Fresh Evidence Cited Vs 'Lackawanna 6'
Some of the Buffalo-area men accused of being part of an al Qaeda sleeper cell had tapes and documents in their homes that called for suicide operations against Islam's "enemies," federal prosecutors contended in court papers filed late Friday, according to the Saturday editions of The Washington Post.
"Martyrdom or self-sacrifice operations are those performed by one or more people against enemies far outstripping them in numbers and equipment," the Post quotes a document as saying.
Prosecutors contend the document was recovered in a Sept. 25 search of the Hamburg, N.Y, apartment used by Yasein Taher.
"The form this usually takes nowadays is to wire up one's body, or a vehicle or suitcase with explosives, and then to enter into a conglomeration of the enemy, or in their vital facilities, and to detonate in an appropriate place there in order to cause the maximum losses in enemy ranks," the document continued.
The government is seeking to hold without bail the five arrested earlier this month in the Buffalo suburb of Lackawanna, N.Y., on charges they provided support to terrorists. A sixth man accused of being part of the cell is in U.S. custody in Bahrian.
The six, all U.S. citizens of Yemeni descent in their 20s, lived just blocks from each other in Lackawanna.
The detainees deny any al Qaeda membership.
Two other suspected cell members, identified as Jaber Elbaneh and Kamal Derwish, are believed to be in hiding in Yemen. Authorities say they think Derwish is the ringleader.
U.S. Magistrate H. Kenneth Schroeder Jr., who last week held three days of hearings on the men's detention and asked for additional information, has indicated he will rule by Thursday.
Two of the men arrested in Lackawanna, Sahim Alwan and Yahya Goba, had audiotapes in their apartments that called for Jihad and martyrdom, court papers claim. One of Alwan's tapes contains a lecture by a radical Islamic cleric who calls for "fighting the West and invading Europe and America with Islam," according to the government's affidavit in support of continued detention for the men, the Post reports.
Additionally, according to the Post, the government said the detainee in Bahrain, Mukhtar Al-Bakri, has told the FBI that when he and the others were in an al Qaeda training camp in the summer of 2001, Osama bin Laden "told them in unequivocal terms that there 'is going to be a fight against Americans.' " Al-Bakri further told the FBI, according to the government, that he was being trained for the purpose of fighting Americans, the Post says.
Until now, the government has released little information about the links it maintains the suspects have to al Qaeda, the Post points out. Prosecutors have said the men received weapons training at a camp in Afghanistan, and have cited a cryptic e-mail Al-Bakri sent this summer from Bahrain to his co-defendants in Lackawanna. In it he wrote that the "next meal will be very big, no one will be able to withstand it," according to the Post.
The government also said searches of the men's homes had turned up weapons and false identification and credit cards, the Post reports. A registered pistol and a rifle were recovered from a residence in New York used by Al-Bakri, prosecutors said.

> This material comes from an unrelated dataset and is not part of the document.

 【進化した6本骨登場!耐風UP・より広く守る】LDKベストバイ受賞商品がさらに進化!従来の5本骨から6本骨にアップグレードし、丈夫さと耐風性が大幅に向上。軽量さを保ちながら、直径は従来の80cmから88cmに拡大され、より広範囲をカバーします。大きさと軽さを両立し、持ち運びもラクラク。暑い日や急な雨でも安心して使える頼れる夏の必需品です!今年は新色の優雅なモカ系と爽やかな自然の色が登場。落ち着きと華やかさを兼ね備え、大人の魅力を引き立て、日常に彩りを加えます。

One of the men, Shafal Mosed, had two different Social Security cards in his possession, the government said, along with 11 credit cards bearing six different names, the Post says.

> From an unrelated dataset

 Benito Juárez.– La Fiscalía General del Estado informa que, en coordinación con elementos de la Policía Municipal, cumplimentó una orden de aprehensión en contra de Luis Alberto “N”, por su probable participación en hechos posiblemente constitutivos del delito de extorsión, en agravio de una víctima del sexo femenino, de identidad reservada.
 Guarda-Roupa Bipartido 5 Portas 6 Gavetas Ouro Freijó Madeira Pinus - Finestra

In the court papers, prosecutors argued that the six should be denied bail because the U.S. lacks an extradition treaty with Yemen.
"Given that the defendants have strong familial ties to Yemen, the defendants are provided an easy opportunity and incentive to go where they are free of the jurisdiction of this court," U.S. Attorney Michael Battle said in court papers Friday.

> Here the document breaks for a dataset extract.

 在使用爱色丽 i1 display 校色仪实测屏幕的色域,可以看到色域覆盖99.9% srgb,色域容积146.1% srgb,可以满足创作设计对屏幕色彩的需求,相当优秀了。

In separate documents, defense lawyers argued that the men pose no danger or flight risk, with families in Lackawanna, five miles south of Buffalo, willing to pledge property to guarantee their presence at trial.
All six, who are Muslims, say they went to Pakistan in the spring of 2001 to pursue religious training.
However, al-Bakri and Alwan said the six also attended a military training camp in Afghanistan run by al Qaeda, according to their lawyers. Both gave statements to the FBI, the basis for the federal charges of supporting a foreign terrorist organization.
But attorneys for the other four, Faysal Galab, Taher, Mosed, and Goba dispute that their clients ever went to Afghanistan and dispute the other men's credibility.
Also, they say that "al-Bakri acknowledged to the FBI that, when he was at the camp, he was a member of al Qaeda."
John Molloy, al-Bakri's lawyer, said his client didn't accept any of what he was told in Afghanistan. "There was no showing in the government's proffer that Mr. Al-Bakri bought into any of the propaganda or was willing or able to put any of the training offered into practice."
James Harrington, attorney for Alwan, said his client acknowledged getting some instruction in the use of a Kalashnokov rifle at the camp, but never fired live ammunition. "Mr. Alwan stated that he realized immediately that he did not belong at the camp and wanted to leave it," said Harrington.
But prosecutors questioned why the six would go there at all, then quietly return to their lives in the U.S. While Alwan left the camp after about 10 days, prosecutors allege the others stayed five to six weeks.